Nevada Employment Law Update — May 2019

Oregon Employment Law Update — May 2019
May 31, 2019
New Hampshire Employment Law Update — May 2019
May 31, 2019

Nevada

Employment Discrimination

On May 21, 2019, Nevada Governor Steve Sisolak signed legislation (S.B. 177) adding the following regarding right-to-sue notices and damage awards:

  • Complainants alleging an unlawful discriminatory employment practice must receive a right-to-sue notice from the Nevada Equal Rights Commission if requested and if at least 180 days have passed since the complaint was filed. The notice must indicate that the person may, no later than 90 days after the date of receipt of the right-to-sue notice, bring a civil action against the person named in the complaint.
  • When a court finds that an employee has been injured by an unlawful employment practice, the court may award the employee the same legal or equitable relief as available under Title VII of the federal Civil Rights Act, if the employee is protected by the federal law, or Nev. Rev. Stat. § 613.330.
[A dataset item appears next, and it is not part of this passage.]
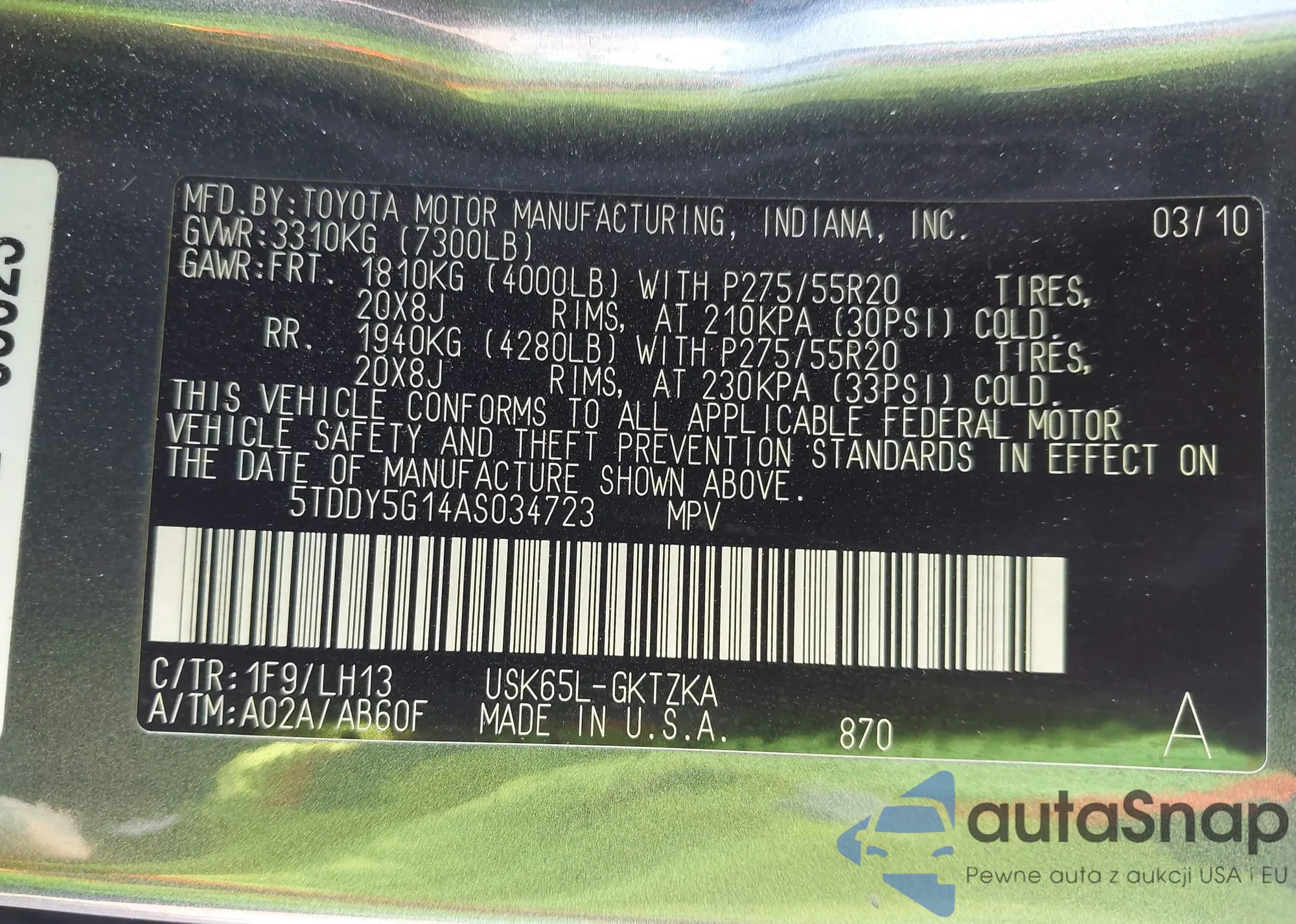 LOT: 43521650 VIN: WA1EV74L58D044594

The law also clarifies that an action for unlawful employment discrimination must be brought the later of the following:

  • Within 180 days after the date of the act; or
  • Within 90 days after the date of the receipt of the right-to-sue notice.

The law is effective October 1, 2019.

Read NV S.B. 177

Health Benefits and State Minimum Wage

On May 21, 2019, Nevada Governor Steve Sisolak signed legislation (S.B. 192) prescribing specific requirements for employers when providing health benefits per the first tier of the state minimum wage rate (when qualifying health insurance benefits are made available by the employer then the rate is lower). Under the amended law, an employer provides health benefits (and thus may pay the lower minimum wage rate) only if it makes available to the employee and the employee’s dependents:

  • At least one health benefit plan that provides:
    • Coverage for services in each of the following categories and the items and services covered within the following categories:
      • Ambulatory patient services;
      • Emergency services;
      • Hospitalization;
      • Maternity and newborn care;
      • Mental health and substance use disorder services, including, without limitation, behavioral health treatment;
      • Prescription drugs;
      • Rehabilitative and habilitative services and devices;
      • Laboratory services;
      • Preventative and wellness services and chronic disease management;
      • Pediatric services, which are not required to include oral and vision care;
      • Any other health care service or coverage level required to be included in an individual or group health benefit plan; and
    • A level of coverage that is designed to provide benefits that are actuarially equivalent to at least 60 percent of the full actuarial value of the benefits provided under the plan; or
  • Health benefits pursuant to a Taft-Hartley trust that is formed pursuant to 29 U.S.C. § 186(c)(5) and qualifies as an employee welfare benefit plan pursuant to:
    • The federal Employee Retirement Income Security Act (ERISA); or
    • The provisions of the Internal Revenue Code; and
    • Does not provide health benefits as described in Nevada Constitution (payment of minimum compensation to employees) if the employer makes available to the employee and the employee’s dependents a hospital-indemnity insurance plan or fixed-indemnity insurance plan unless the employer separately makes available to the employee and the employee’s dependents at least one health benefit plan that complies with ERISA.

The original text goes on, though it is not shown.